A Machine Learning Taxonomic Classifier for Science Publications

Abstract:

The evolution in scientific production, associated with the growing interdomain collaboration of knowledge and the increasing co-authorship of scientific works remains supported by processes of manual, highly subjective classification, subject to misinterpretation. The taxonomy on which this same classification process is based is not consensual, with governmental organizations resorting to taxonomies that do not keep up with changes in scientific areas, and indexers / repositories that seek to keep up with those changes. We find a reality distinct from what is expected and that the domains where scientific work is recorded can easily be misrepresentative of the work itself. The taxonomy applied today by governmental bodies, such as the one that regulates scientific production in Portugal, is not enough, is limiting, and promotes classification in areas close to the desired, therefore with great potential for error.
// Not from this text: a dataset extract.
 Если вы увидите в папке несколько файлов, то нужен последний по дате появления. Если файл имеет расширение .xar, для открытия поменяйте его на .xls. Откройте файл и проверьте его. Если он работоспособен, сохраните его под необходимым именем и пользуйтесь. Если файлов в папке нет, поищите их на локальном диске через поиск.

An automatic classification process based on machine learning algorithms presents itself as a possible solution to the subjectivity problem in classification, and while it does not solve the issue of taxonomy mismatch this work shows this possibility with proved results. This paper proposes the use of Machine Learning with Natural Language Processing techniques and suggests some changes on the current taxonomies to improve classification and access to science and concludes with some future work proposals for an increasingly representative classification of evolution in science, which is not intended as airtight, but flexible and perhaps increasingly based on phenomena and not just disciplines.